The structural and magnetic properties of Y 0.5 Er 0.5 Fe 2 D 4.2 deuteride have been investigated by continuous high field magnetic measurements up to 35 T and neutron powder diffraction experiments versus temperature and applied field. Y 0.5 Er 0.5 Fe 2 D 4.2 crystallizes in a monoclinic structure (Pc space group) resulting from the deu-terium order into 18 interstitial tetrahedral sites. At low field, the deuteride is ferrimagnetic (Ferri) up to 38 K, between 38 and 50 K, it undergoes a first order transition towards an antiferromagnetic (AFM) structure, which remains present up to T N = 115 K. Upon applied field, two different types of metamagnetic behavior are observed depending on the temperature range. Below 38 K, a forced ferrimagnetic-ferromagnetic (FM) transition is observed at a transition field B Trans of only 7 T (at 2 K), which is among the smallest encountered for Fe rich intermetallics.

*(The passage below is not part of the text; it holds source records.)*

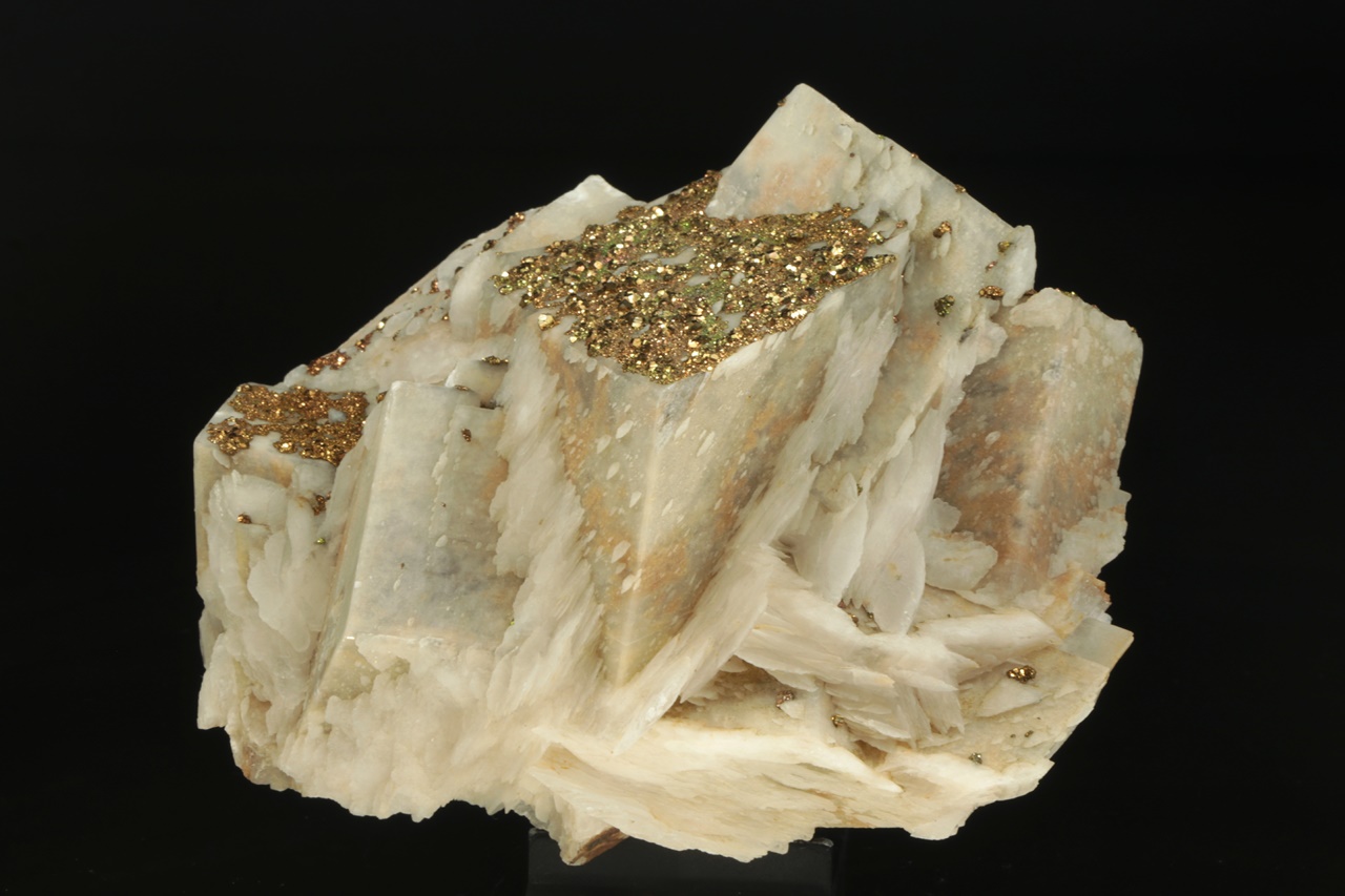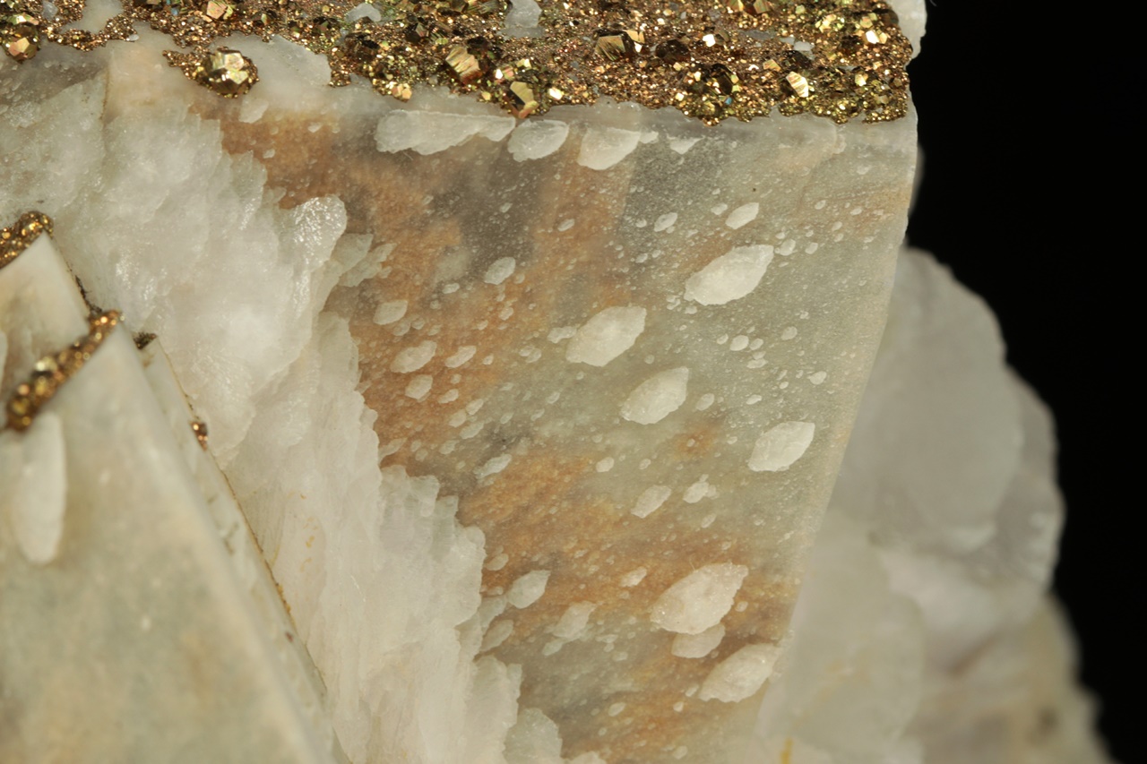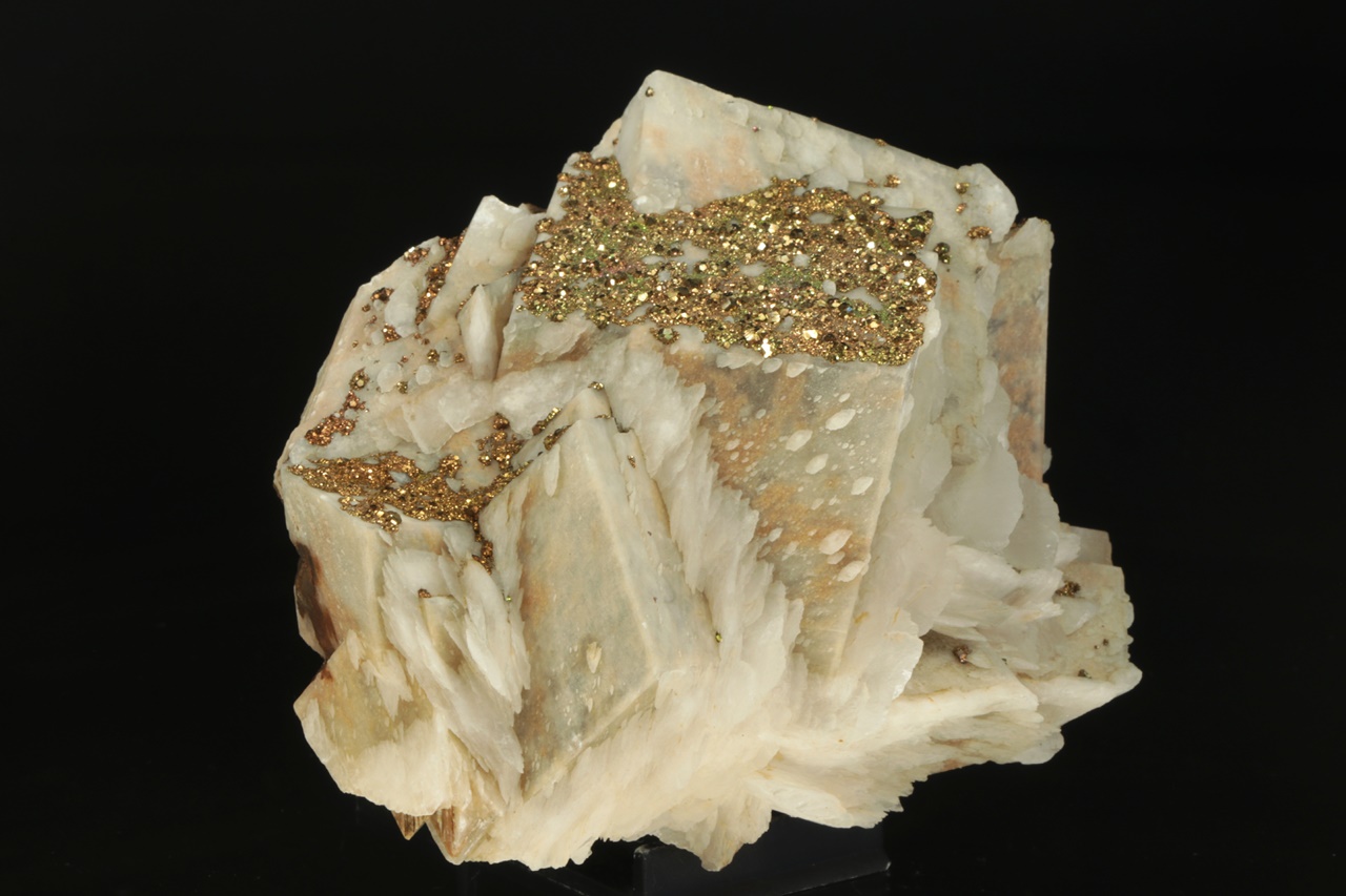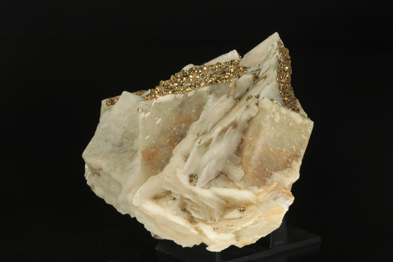 Nádherná ukázka velkých romboedrů kalcitu (až 8 cm) porostlých krystaly zlatého pyritu a druhou generací kalcitu tvořícího tenké destičky.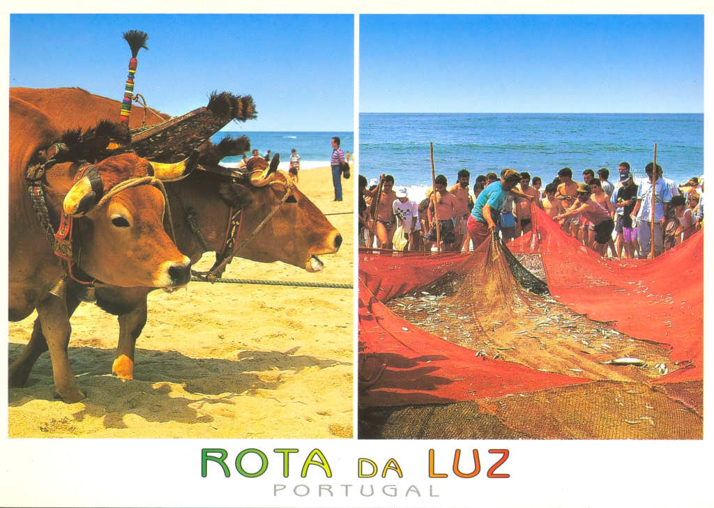 DA LUZ Arte da Xávega. Bois alando a rede e abertura do saco,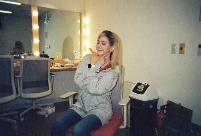 회색 후드티를 착용해 편안하고 캐주얼한 스타일을 연출하고 있다. 메이크업룸이라는 사적인 공간에서 자연스러운 모습을 보여주며, 금발 헤어로 변신한 모습이 인상적이다. 후드티의 여유로운 핏이 편안함을 강조하고 있다.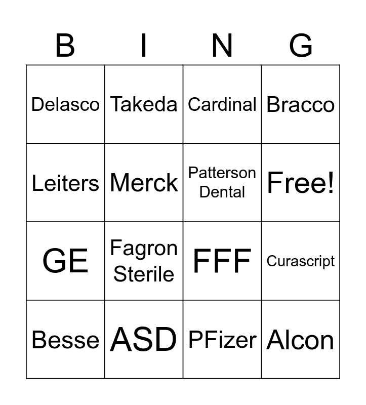 This bingo card has 17 words: PFizer, Besse, Cardinal, Delasco, Fagron Sterile, Bracco, Curascript, Patterson Dental, Free!, Merck, ASD, FFF, Leiters, Takeda, GE, Cooper Surgical and Alcon.
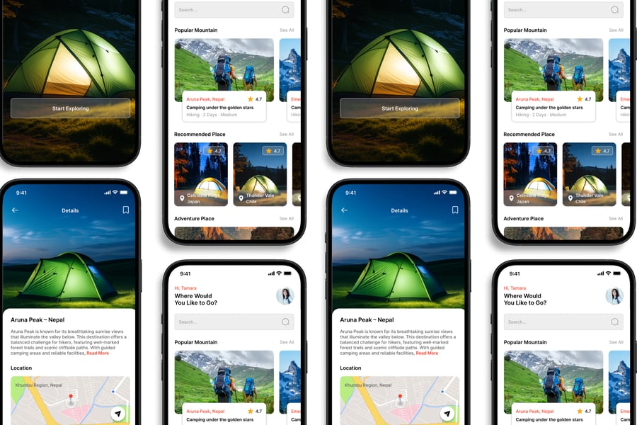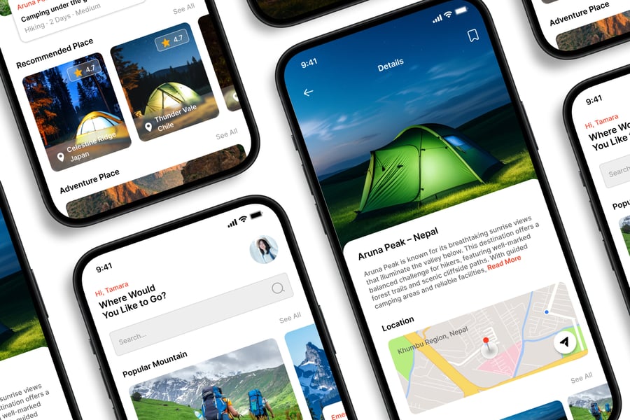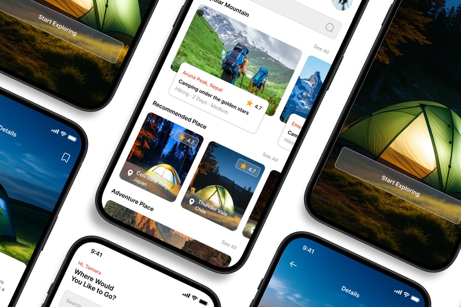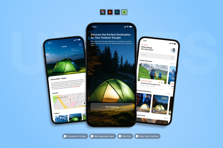 隆重推出 **Camp Destination** 移动应用 UI 套件,这是一款现代化且功能全面的解决方案,可助您创建简洁易用的应用界面。对于希望加快设计流程的设计师和开发者而言,这款 UI 套件堪称完美之选,它将您所需的所有基本组件整合在一个井然有序的软件包中。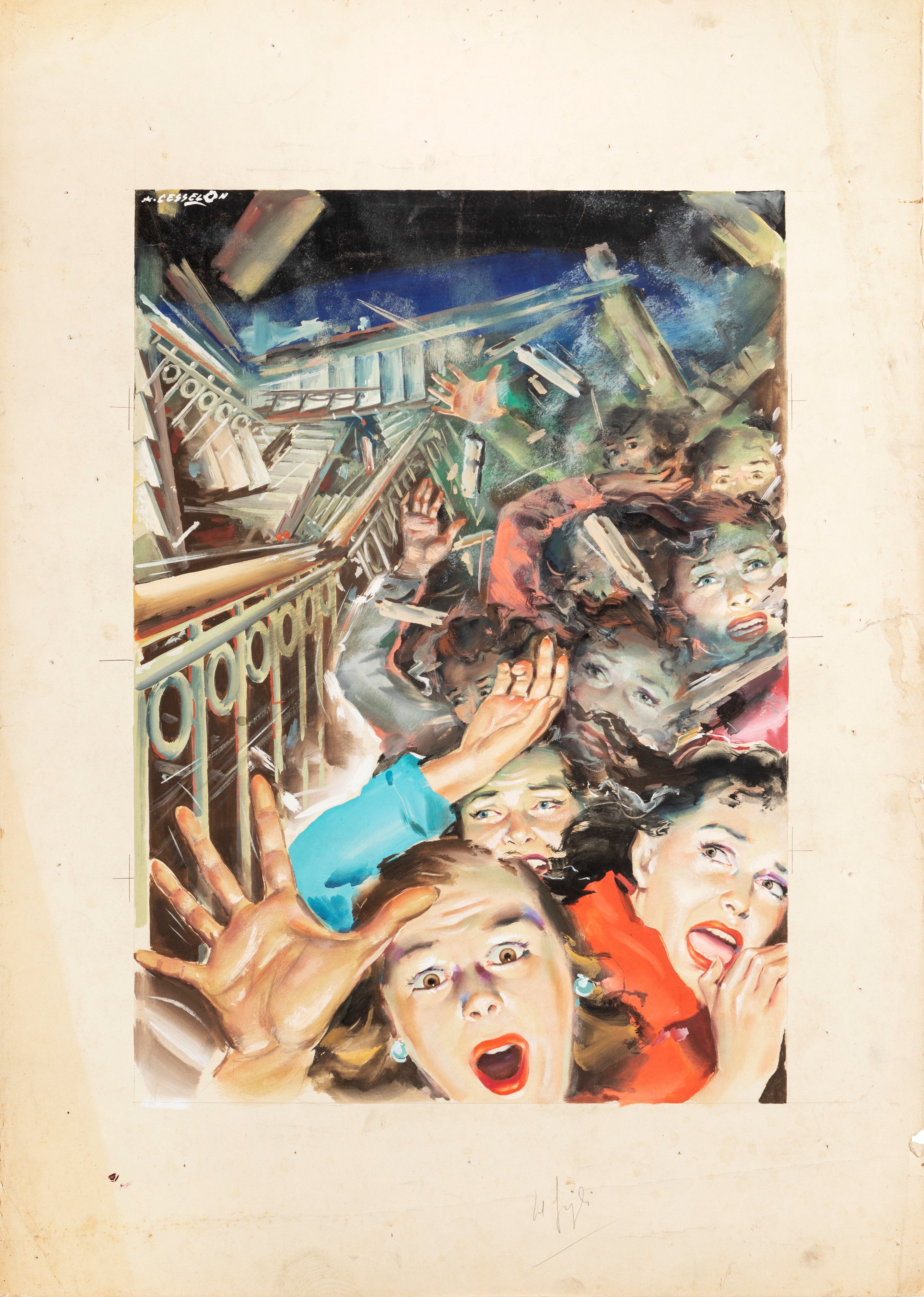 tempera su cartoncino, 70 x 100 cm 1952 Bozzetto originale realizzato da Cesselon per la locandina ufficiale del film Roma ore 11, diretto da Giuseppe De Santis con Lucia Bosè, Delia Scala e Paolo Stoppa nel 1952. Tra le opere più rappresentative del neorealismo italiano, si basa su un fatto di cronaca avvenuto a Roma nel 1951. Firmato.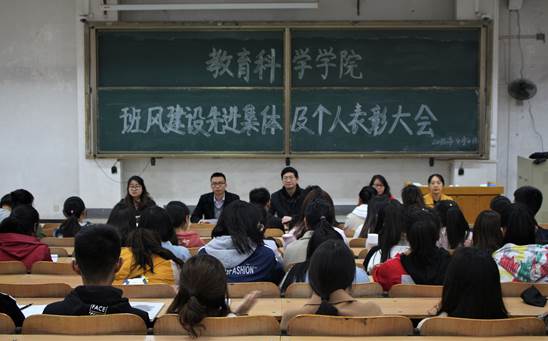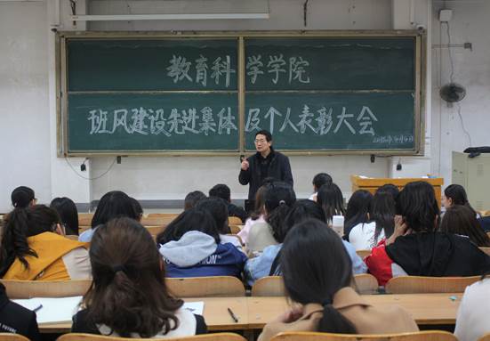 会议伊始,熊老师宣读会议表彰决定及表彰结果。获得表彰的班风建设先进集体有:学前161、教育学162、中外162、中外171、中外172、中外174,获得表彰的班风建设先进个人有:姜迎、袁媛、李其奇等138人。随后,全体老师为受表彰班级及先进个人颁奖。学生代表王铎、李其奇等进行发言,讲述自己在班级活动和班风建设过程中的收获与成长。最后,朱书记做总结讲话,他强调班风建设的重要性并希望广大学子不忘初心,坚定理想信念,做好基本学习环节,养成良好生活习惯,共同营造出良好的学习氛围。

B Trans is not very sensitive to temperature changes nor to the Er content and its moderate value is explained by a deuterium induced weakening of the Er-Fe interaction. The second metamagnetic transition, observed between 38 and 150 K, from an AFM (Para) towards a FM structure, is related to the itinerant electron metamagnetic behavior of the Fe sublattice. B Trans increases linearly versus temperature with a dB/dT slope of 0.24 ± 0.01 T.K −1. Above B Trans , Er moments parallel to the Fe moments are induced.